_Work required_.
Skip all pictures, then copy the lines from the start of the data through the line with "Arrivé à Agafay, c’est", keeping both ends.

◇ ◇ ◇

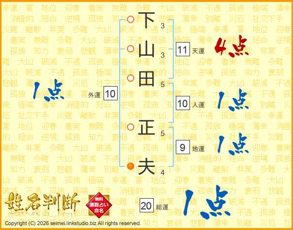 下山田正夫さんの天運は11画の4点!
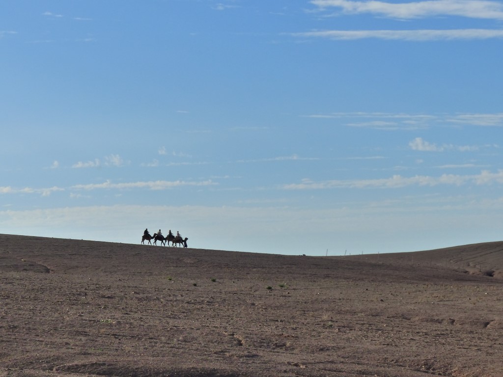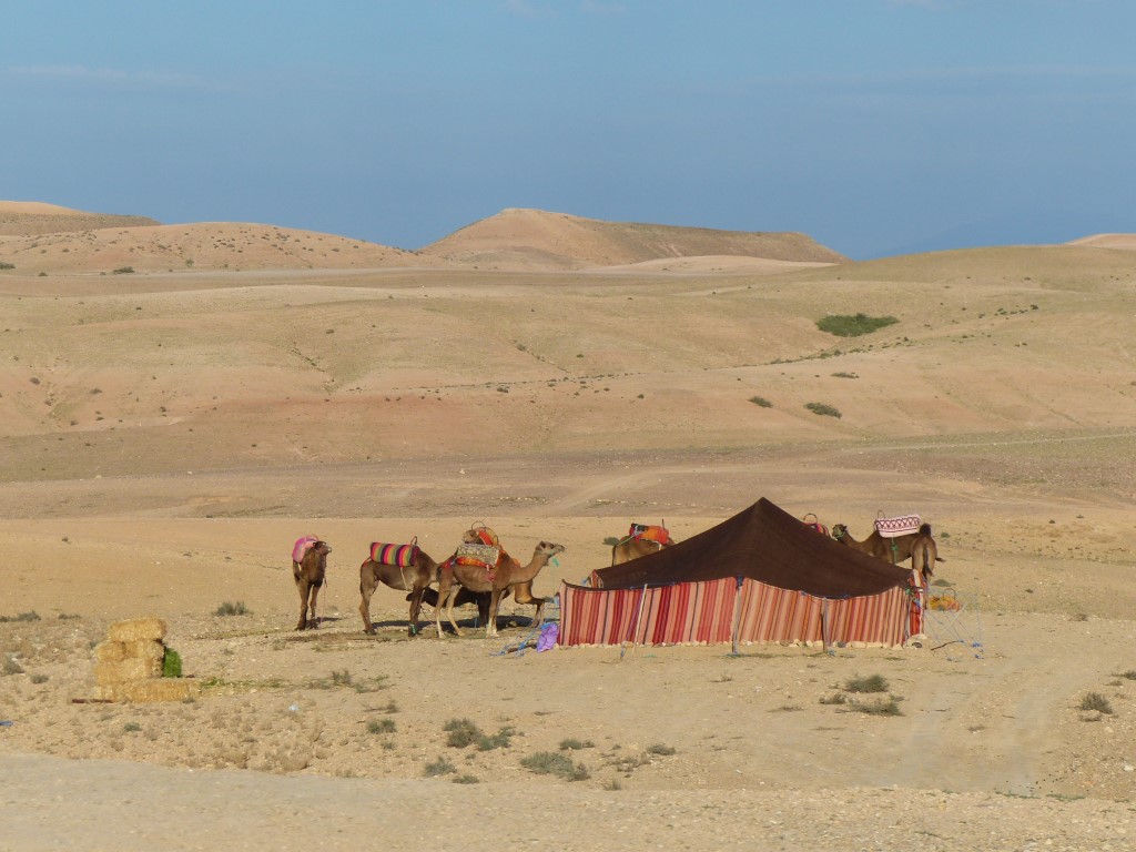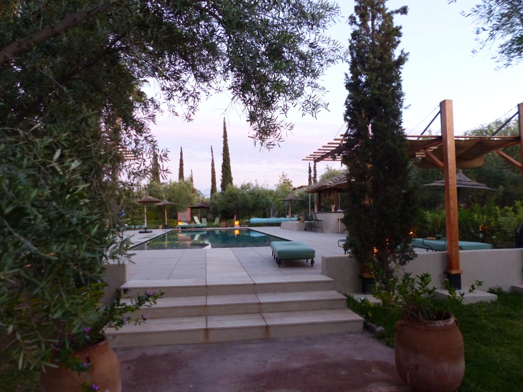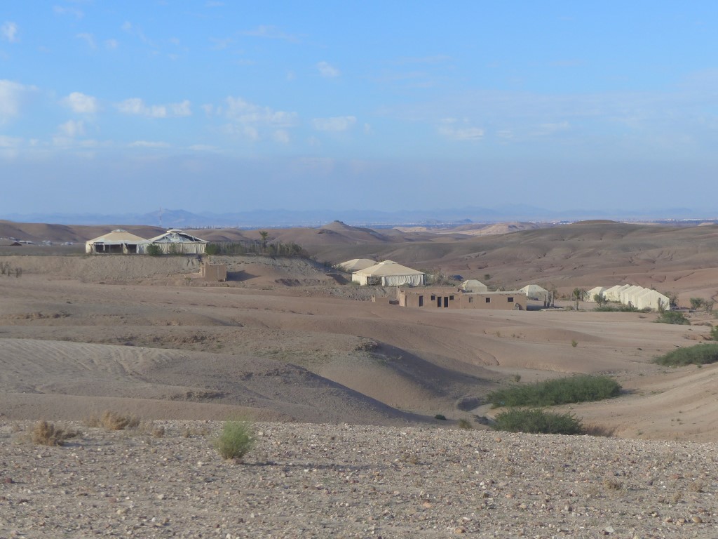 Arrivé à Agafay, c’est l’effervescence. La route en mauvais état est saturée de voitures. Chacun cherche à rejoindre son campement, duquel il pourra s’adonner à une sortie quad ou dromadaire. C’est impressionnant comme ce petit coin de désert est exploité par le tourisme. N’ayant pas réservé, nous ne trouvons pas de tente pour nous accueillir. Nous faisons donc demi-tour et reprenons la route vers Marrakech. Sur la route, les hébergements Google Maps sont pour l’essentiel introuvables ou alors n’ont pas d’enseigne. Nous atteignons le « domaine de Tam » à Tamslohte. Je crois que nous baignons une nouvelle fois dans le luxe pour touristes.
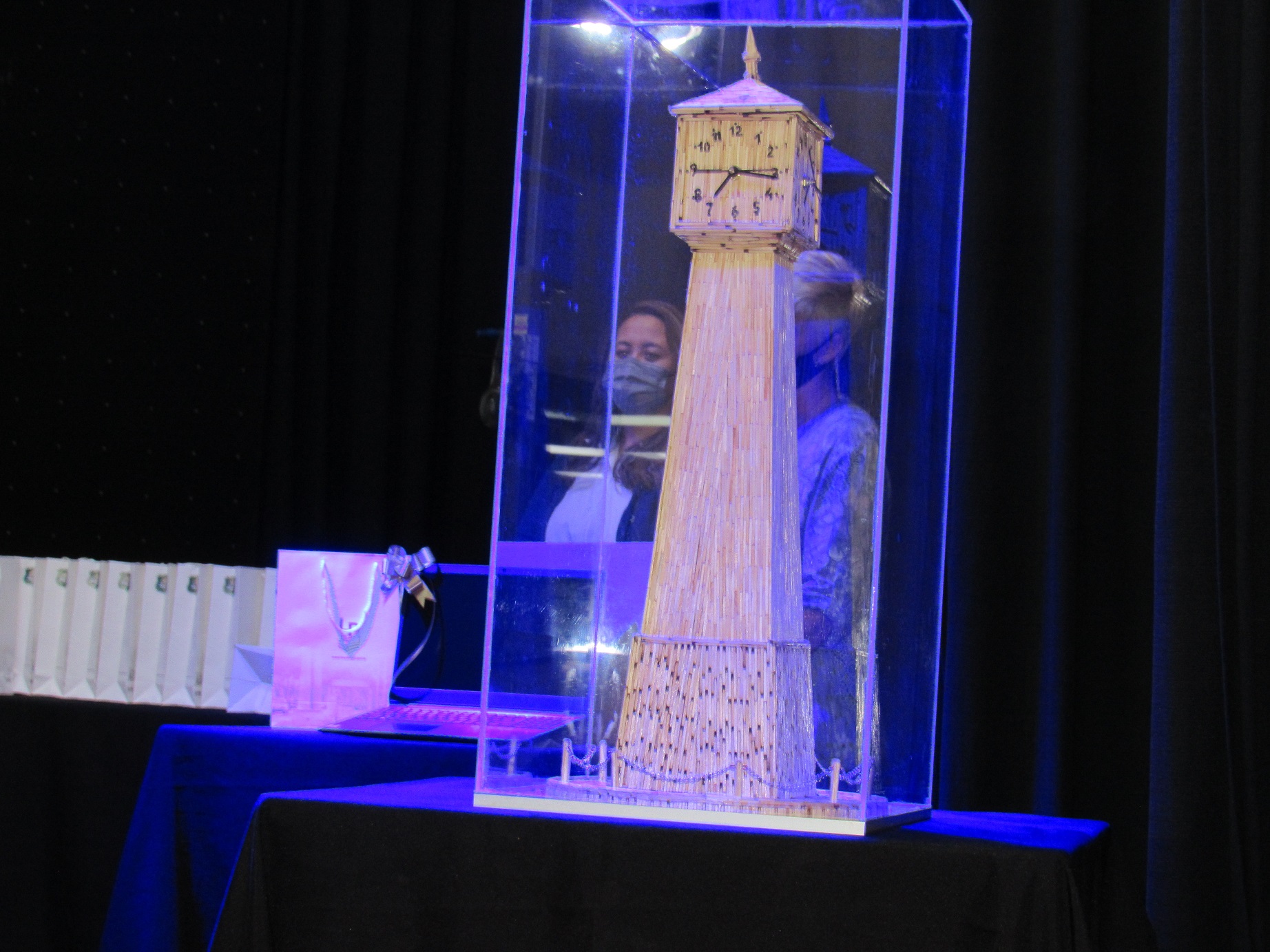 Además, presentaron el maravilloso trabajo en fosforomodelismo representando el tradicional reloj que se encuentra ubicado en calle 20 y avenida 21 realizado por el artesano local Juan José Montechiani y que se podrá observar en el Hall de Casa del Bicentenario.
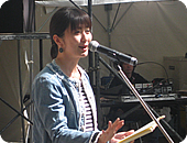 木漏れ日がキラキラとふりそそぐ野外ステージで、今回のイベントは行われました。少しでも近くで絵本に触れてほしい…そんな想いから、ステージには上らず、あえて客席の最前列で朗読しました。
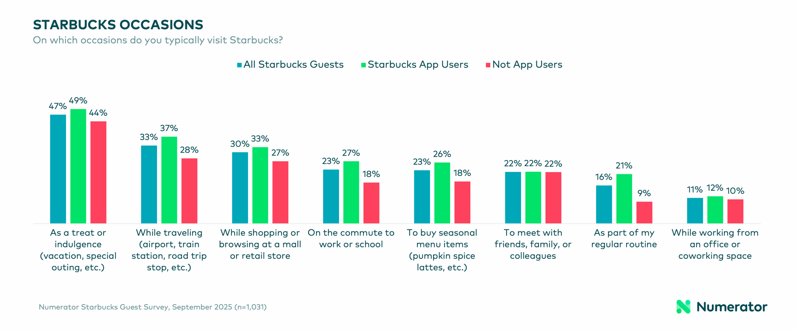 Compared to the average US shopper, Starbucks guests skew higher income, more urban, and are more likely to be Hispanic or Asian Gen X’ers living in the West. App users amplify these core demographics, but are more likely to be Gen Z’ers compared to non-users, a promising sign for future growth and loyalty. In addition to more frequent visits, Starbucks app users visit earlier in the day and are more likely to describe Starbucks as part of their regular routine (+12 pts vs. non-users) or commute (+9 pts). Although most shoppers still view a Starbucks trip as a treat or travel stop, app users weave their visits into everyday rituals.

◇ ◇ ◇

_Expected output_.
 下山田正夫さんの天運は11画の4点!
 Arrivé à Agafay, c’est l’effervescence. La route en mauvais état est saturée de voitures. Chacun cherche à rejoindre son campement, duquel il pourra s’adonner à une sortie quad ou dromadaire. C’est impressionnant comme ce petit coin de désert est exploité par le tourisme. N’ayant pas réservé, nous ne trouvons pas de tente pour nous accueillir. Nous faisons donc demi-tour et reprenons la route vers Marrakech. Sur la route, les hébergements Google Maps sont pour l’essentiel introuvables ou alors n’ont pas d’enseigne. Nous atteignons le « domaine de Tam » à Tamslohte. Je crois que nous baignons une nouvelle fois dans le luxe pour touristes.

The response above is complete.